■ INFORMATION SHOWN ■
__________________________________________________
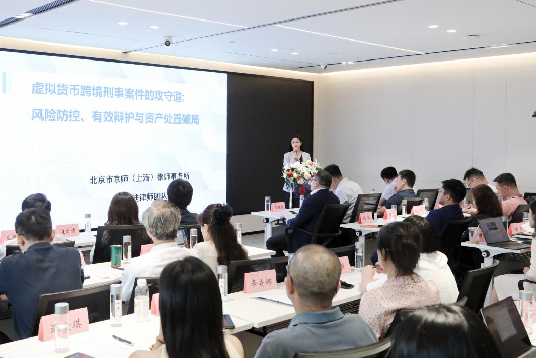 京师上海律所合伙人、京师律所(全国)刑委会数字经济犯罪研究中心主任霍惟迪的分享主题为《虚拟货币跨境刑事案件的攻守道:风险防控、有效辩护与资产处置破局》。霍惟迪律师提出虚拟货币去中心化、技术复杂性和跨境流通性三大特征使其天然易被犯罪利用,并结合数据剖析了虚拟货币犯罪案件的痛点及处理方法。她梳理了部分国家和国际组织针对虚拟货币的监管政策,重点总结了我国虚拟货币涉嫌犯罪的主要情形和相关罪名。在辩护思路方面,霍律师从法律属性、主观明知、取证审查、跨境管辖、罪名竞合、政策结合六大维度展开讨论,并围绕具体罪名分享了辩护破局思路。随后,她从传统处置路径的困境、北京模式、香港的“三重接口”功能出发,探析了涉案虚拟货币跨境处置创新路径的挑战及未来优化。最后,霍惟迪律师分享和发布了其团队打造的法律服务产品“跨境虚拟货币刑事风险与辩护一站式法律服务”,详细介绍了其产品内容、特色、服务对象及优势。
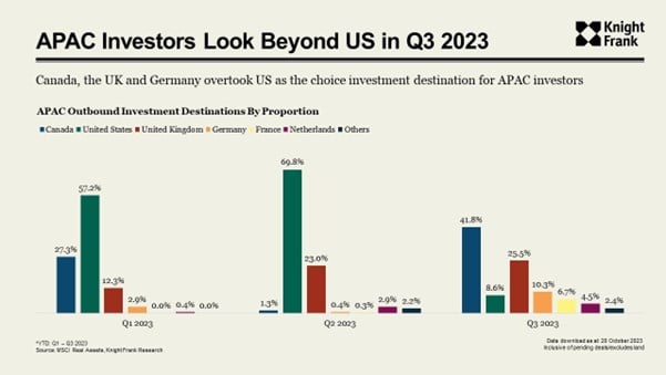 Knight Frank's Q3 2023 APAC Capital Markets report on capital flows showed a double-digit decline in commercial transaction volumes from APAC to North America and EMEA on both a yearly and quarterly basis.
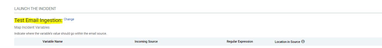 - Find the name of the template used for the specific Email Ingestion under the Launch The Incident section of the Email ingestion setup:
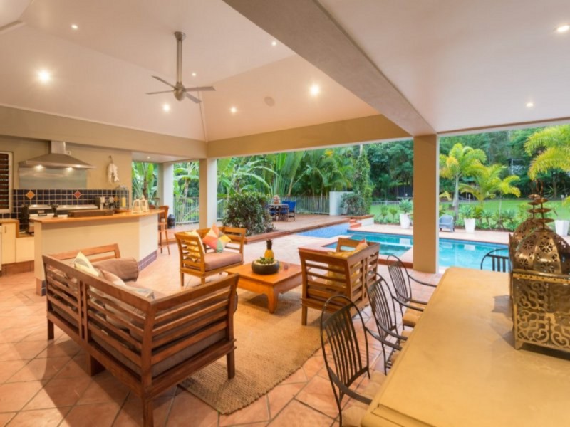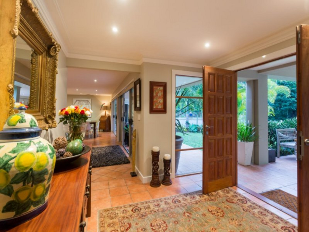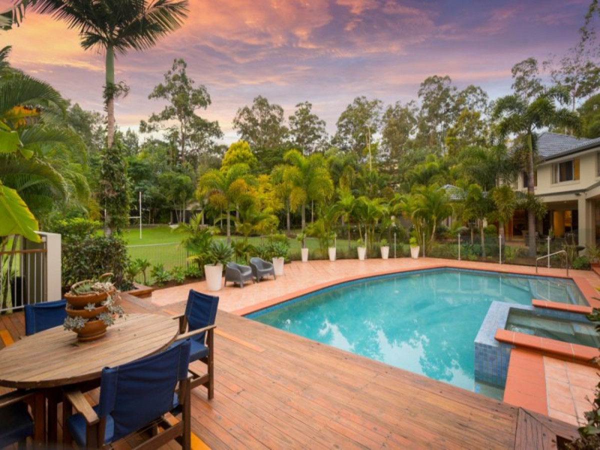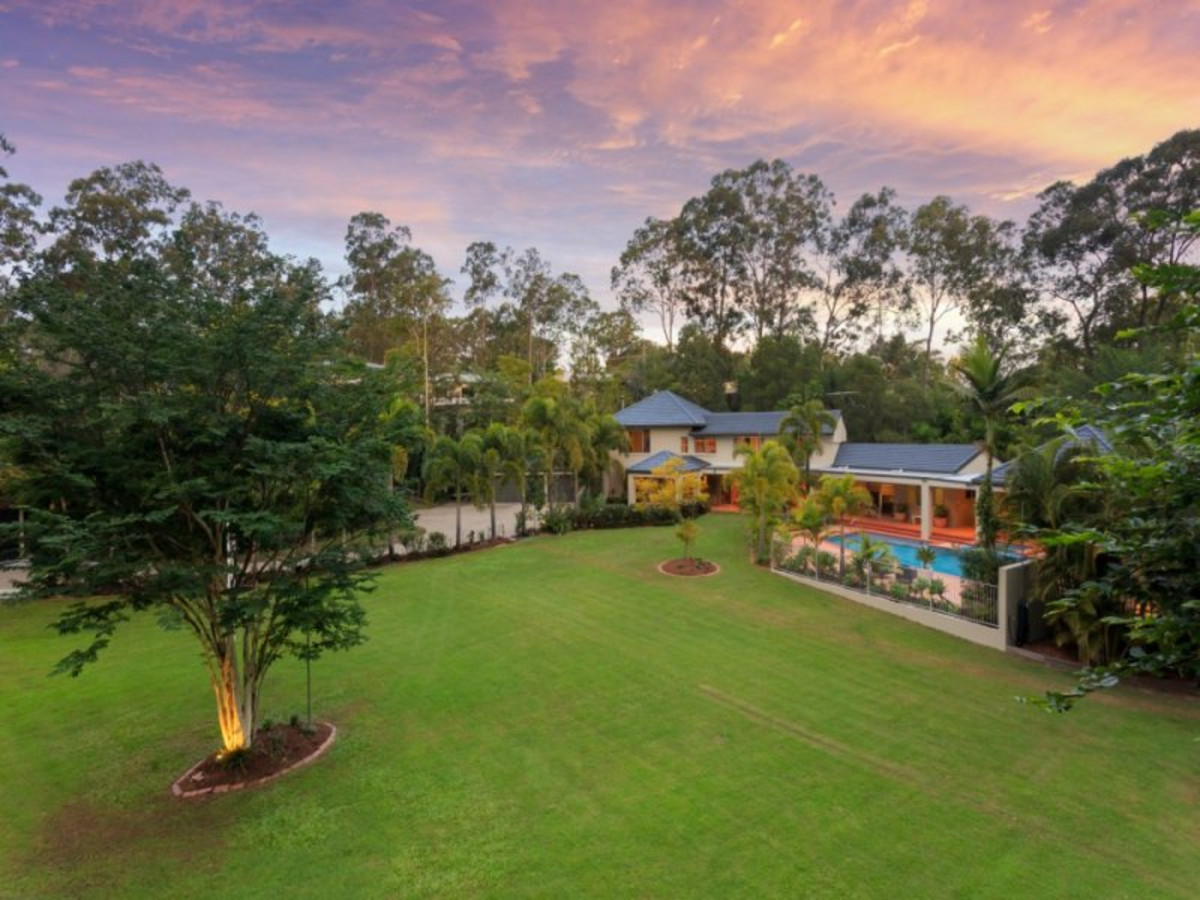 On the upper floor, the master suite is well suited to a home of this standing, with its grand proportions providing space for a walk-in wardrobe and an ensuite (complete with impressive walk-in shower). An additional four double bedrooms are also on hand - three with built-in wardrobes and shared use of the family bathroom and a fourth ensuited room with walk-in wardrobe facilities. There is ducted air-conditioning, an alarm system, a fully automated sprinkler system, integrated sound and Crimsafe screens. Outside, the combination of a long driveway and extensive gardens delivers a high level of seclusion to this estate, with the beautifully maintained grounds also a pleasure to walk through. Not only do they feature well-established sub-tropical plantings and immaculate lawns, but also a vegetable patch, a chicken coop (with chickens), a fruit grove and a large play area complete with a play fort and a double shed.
__________________________________________________
■ WORK INSTRUCTION ■
Copy exactly the lines of the listing above between the one holding "Knight Frank's Q3" and the one holding "- Find the name", inclusive; omit all pictures.

■ SOLUTION TO THE EXERCISE ■
 Knight Frank's Q3 2023 APAC Capital Markets report on capital flows showed a double-digit decline in commercial transaction volumes from APAC to North America and EMEA on both a yearly and quarterly basis.
 - Find the name of the template used for the specific Email Ingestion under the Launch The Incident section of the Email ingestion setup:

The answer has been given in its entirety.